— Requirement —
Lines holding the string "with" in the listing below are to be copied.

— Data shown —
____________

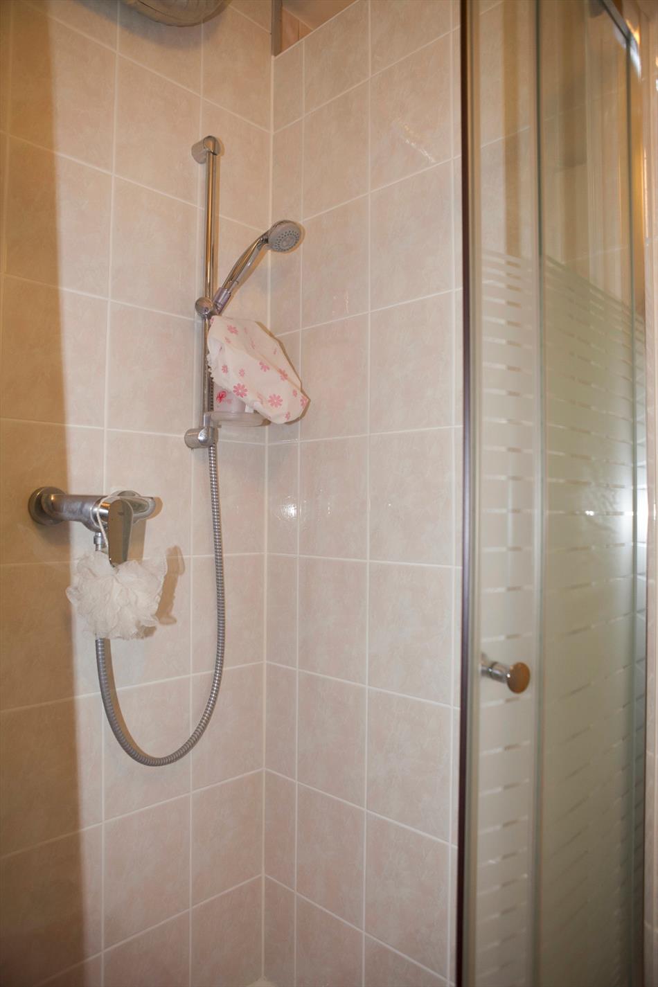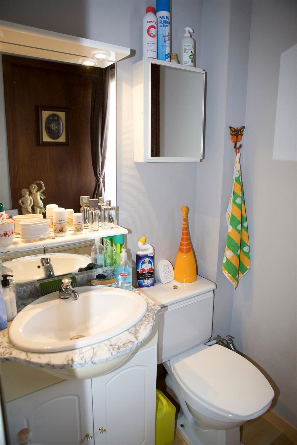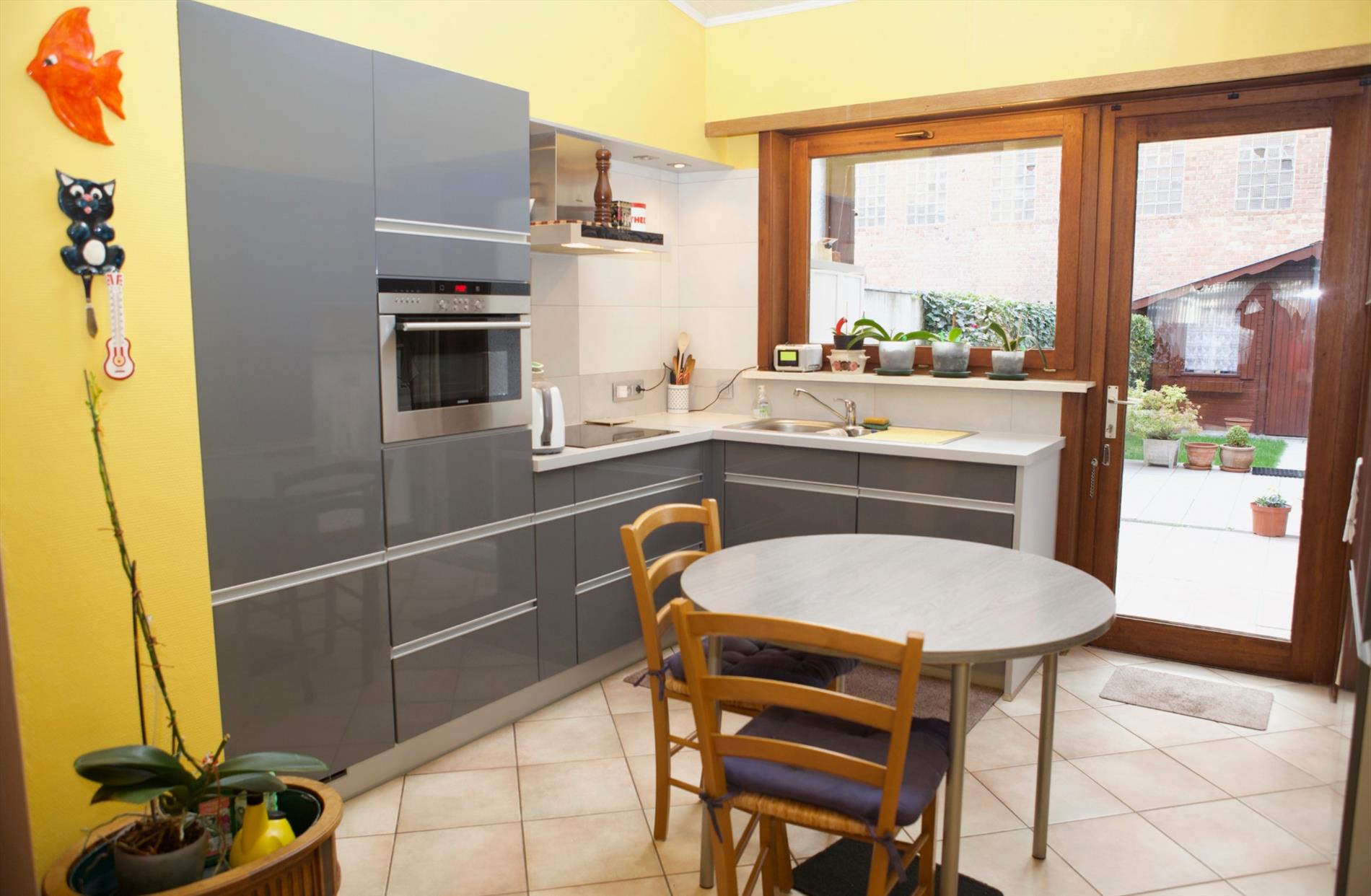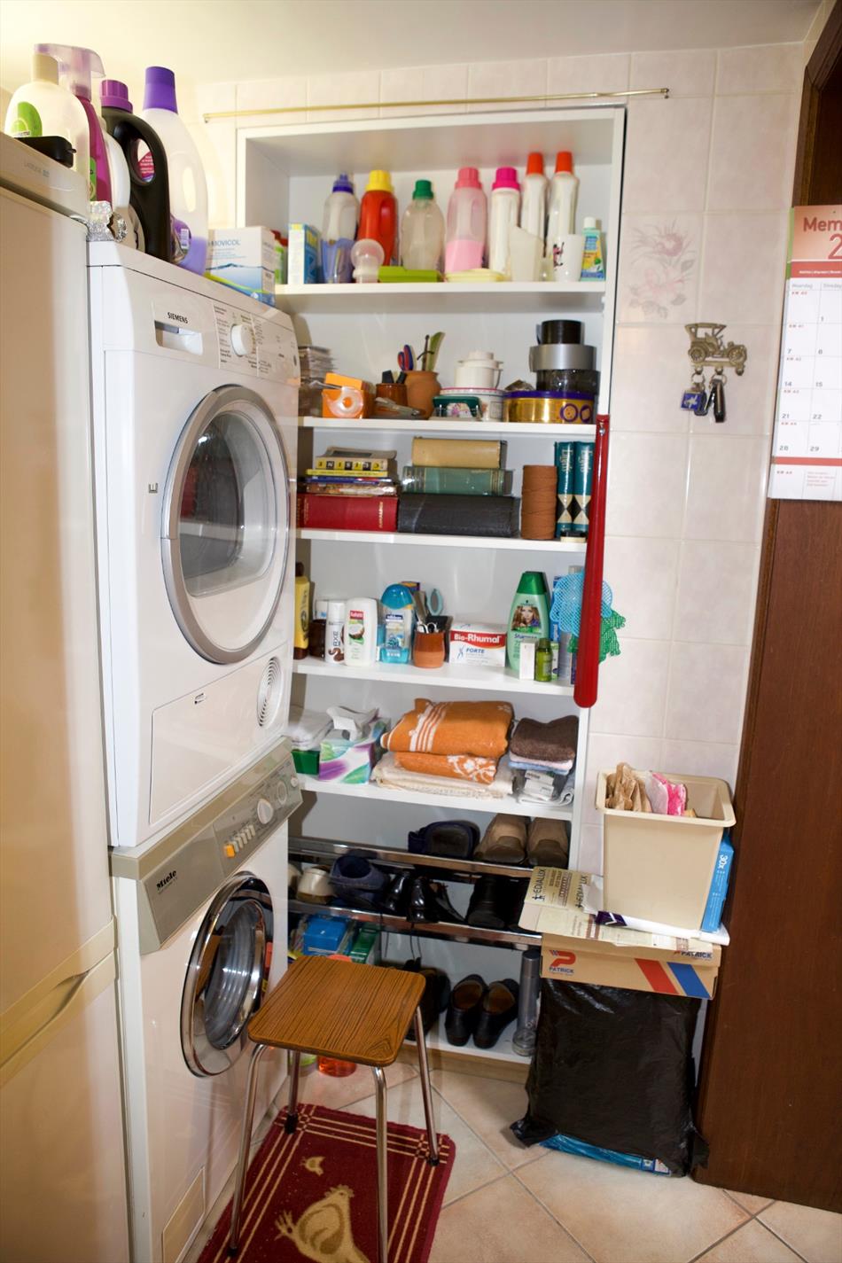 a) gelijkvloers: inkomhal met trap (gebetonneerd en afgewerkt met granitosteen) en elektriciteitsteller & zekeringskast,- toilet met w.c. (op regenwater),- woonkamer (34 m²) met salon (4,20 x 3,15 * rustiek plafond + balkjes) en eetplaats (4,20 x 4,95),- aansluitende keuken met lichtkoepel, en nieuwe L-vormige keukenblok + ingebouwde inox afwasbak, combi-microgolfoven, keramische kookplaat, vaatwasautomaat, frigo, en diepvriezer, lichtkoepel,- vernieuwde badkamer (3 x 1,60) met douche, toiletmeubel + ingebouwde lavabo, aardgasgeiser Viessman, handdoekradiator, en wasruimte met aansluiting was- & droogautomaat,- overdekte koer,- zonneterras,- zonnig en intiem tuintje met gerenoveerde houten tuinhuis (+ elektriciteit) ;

____________

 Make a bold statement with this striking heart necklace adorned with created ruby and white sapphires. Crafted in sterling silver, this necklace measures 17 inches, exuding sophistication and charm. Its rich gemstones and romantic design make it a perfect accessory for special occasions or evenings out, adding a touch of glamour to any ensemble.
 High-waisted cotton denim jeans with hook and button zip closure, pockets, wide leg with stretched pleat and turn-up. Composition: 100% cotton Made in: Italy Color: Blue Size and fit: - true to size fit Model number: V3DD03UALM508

____________

— Solution to this problem —
 Make a bold statement with this striking heart necklace adorned with created ruby and white sapphires. Crafted in sterling silver, this necklace measures 17 inches, exuding sophistication and charm. Its rich gemstones and romantic design make it a perfect accessory for special occasions or evenings out, adding a touch of glamour to any ensemble.
 High-waisted cotton denim jeans with hook and button zip closure, pockets, wide leg with stretched pleat and turn-up. Composition: 100% cotton Made in: Italy Color: Blue Size and fit: - true to size fit Model number: V3DD03UALM508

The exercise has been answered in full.